2012年3月27日星期二

'Commercial pop music has lost its magic'

Kindness, the name for Adam Bainbridge’s musical project, has attracted a resurgence of attention recently, since he first appeared in 2009. After months of an intriguing and impressive reinvention campaign – during which vinyls and 7-inches illustrated with moody black and white self-photographs, a 16-page newspaper that included a thought-provoking interview with the printer Robin Bell, and invitations to a couple of secret shows were siphoned off to the chosen – the album World, You Need a Change Of Mind is out and Kindness is live. His shows at SXSW, the key festival for new music, finally threw him into the gladiator ring

In a world where pop music is churned (chundered?) out by hit factories, amid branding exercises, perfume ads and pedestrian music videos, the Kindness approach is a breath of fresh air. He’s going back to the old school. Take his album artwork. Inspired by Barney Bubbles, the late graphic designer who made radical covers for Ian Drury and the Blockheads, Hawkwind and Elvis Costello, Bainbridge chose analogue, instead of digital, methods.

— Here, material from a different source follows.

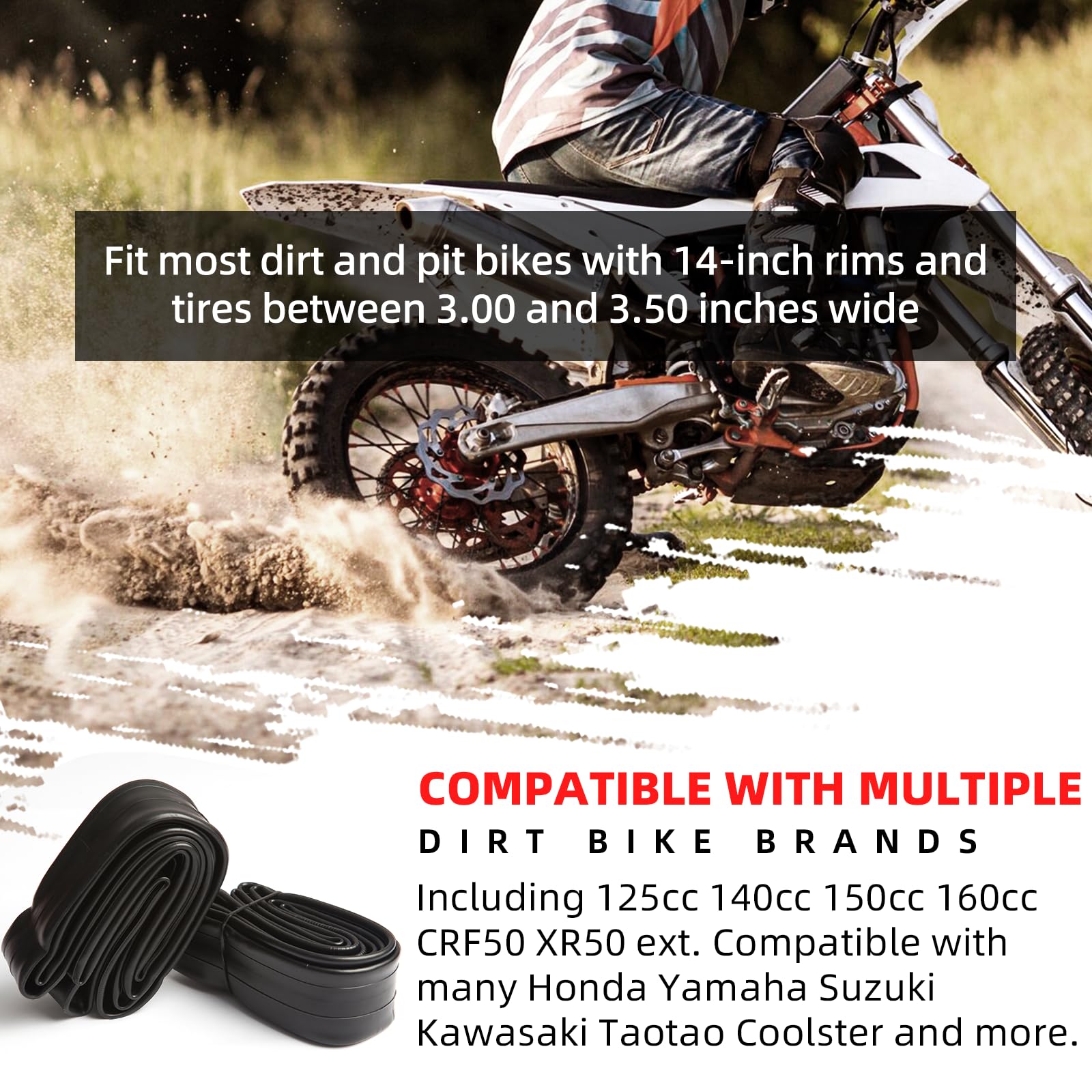 3.00/3.50-14" Dirt Bike Inner Tubes - These universal fit inner tubes (2-pack) fit most dirt and pit bikes with 14-inch rims and tires between 3.00 and 3.50 inches wide, ensuring compatibility and versatility for your dirt bike.

Gee Up and the Cyan videos were filmed on 16 mm film and the “overall concept was that everything should be untouched by photoshop”.

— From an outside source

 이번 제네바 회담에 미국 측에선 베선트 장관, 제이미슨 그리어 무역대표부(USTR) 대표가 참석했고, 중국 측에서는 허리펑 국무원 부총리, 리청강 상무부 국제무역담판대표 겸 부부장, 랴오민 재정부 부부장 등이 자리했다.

The album was recorded in a studio in Paris, instead of on a laptop. Overlaying a hazy, monochrome, almost melancholy aesthetic with a funky, disco sound was intentional. Bainbridge explained why when I interviewed him in Austin, Texas:

The album artwork was meant to be simple, unadulterated, a little bit traditional. I thought it would be interesting to make music that was quite ambiguous in terms of its time period or what genre or scene it belongs to. Ambiguous in time and space, and then put on top a fairly traditional record sleeve.

It all comes back to using the most appropriate tool for what you're doing and I think shooting films as a photographer has never been surpassed by digital and recording in studio has never been surpassed by a laptop.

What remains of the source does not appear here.